Bunu söyledikten sonra demirci, diğerleriyle oturmaya
gitti. Ardından neşeyle alkollü sohbete katıldı.
Gondo iç çekti, kalbi biraz ağrıyordu.
Büyücü Kral Ainz Ooal Gown, Gondo’ya bir eşya kullanarak rün
ustalarını toplaması için bir emir vermişti.
O eşya da şaraptı.
Gondo içmiyordu, ama hiçbir Cüce, leziz şarabın lezzetine
dayanamazdı. Bu yüzden damaklarını, egzotik alkolün ufak bir kısmıyla
ıslattıktan ve onlara daha sonrası için büyük bir şişenin sözünü verdikten sonra,
ustaların yarısını falan toplayabilmelilerdi. Büyücü Kral böyle yapmasını
söylemişti. Ancak—
Buradaki tüm koltukların dolması gerekiyordu.
Gondo yeniden iç çekti. Şahsen konuşacak olursa, onları
böyle ucuz numaralarla toplamak istemiyordu. Onun yerine bir zanaatkâr olarak
gururlarını alevlendirmek ve onları gaza getirmek istiyordu.
Bu daha çok Gondo’nun bencil dileğiydi.
Büyücü Kral, demircileri toplamak için en çabuk ve en
etkili yöntemi kullanmıştı. Gururlarını kullanarak onları bir araya getirmek,
şu an çok değerli olan zamanlarını boşa harcardı.
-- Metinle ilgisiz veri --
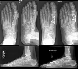 Die eigenständige Bewegung und Mobilisation im Großzehengrundgelenk und Interphalangealgelenk kann durch Physiotherapie, Lymphdrainage und Gangschule unterstütz werden. Eine radiologische Kontrolle erfolgt zur Dokumentation des Operationsergebnisses intraoperativ und nach 6 Wochen im Konfektionsschuh.
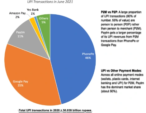 거래액은 2조 루피(약 35조 원)로, 2018년 11월을 기점으로 실물 카드 결제액을 넘어섰다. 인도의 모바일 결제 시장의 영향요인으로는 3가지로 볼 수 있다.

Rün ustalarının işi yaştı. Onların ve atalarının var
olduklarının kanıtlarını kaybetmişlerdi ve önlerinde olan tek şey karanlıktı.
Negatifliğe batmış hâldeyken kendilerinden umudu kesmelerine şaşılmamalıydı.
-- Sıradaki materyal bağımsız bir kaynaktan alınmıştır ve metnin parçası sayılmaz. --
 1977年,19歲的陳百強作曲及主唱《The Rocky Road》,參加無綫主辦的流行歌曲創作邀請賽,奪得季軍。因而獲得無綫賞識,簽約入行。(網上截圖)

Kendilerine rün ustası diyen ve zanââtlerini yapan çok az Cüce vardı. Çoğu iş
yerlerini kapatmıştı ve yalnızca umutsuz, hayâlsiz bir hayat yaşıyoralrdı.
Onların bu hâldeki kalplerini yeniden alevlendirebilir
miydi?
Gondo Ainz’in yapacaklarını ve daha sonra yaşanacakları dört gözle
bekliyordu.
Belirlenen vakit geldiğinde, Gondo gelen cücelerin
sayısını kontrol etti. Hepsi buradaydı.
“Hazır
mı? Ainz-sama başlayıp başlayamayacağını sordu.”
Gondo’nun
yanına gelen kişi Büyücü Kral’ın
sadık hizmetkârlarından Aura’ydı.
“Oh,
Majestelerine herkesin toplandığını söyler misin?”
“Anlaşıldı~”
Kız gitti. Onun gidişini izlerken Gondo, başını yatırdı.
O kızın tam olarak ne olduğundan emin değildi. Neden o
her şeye gücü yeten namevt lordu, ona bu kadar güveniyordu? O kız, Kara
Elflerle olan dostluğunun bir kanıtı mıydı?
Gondo bu meseleye kafa yorarken, Ainz Ooal Gown, yükselen
bir platformda ileri çıktı. Yanındaki kişi, hizmetkârı olan kızdan başkası
değildi.
“Ohhhhhhh!”
“Namevt
bu!”
“Düşman
mı?!”
Cüceler kargaşa içindeydi. Bu gayet beklenilen bir şeydi.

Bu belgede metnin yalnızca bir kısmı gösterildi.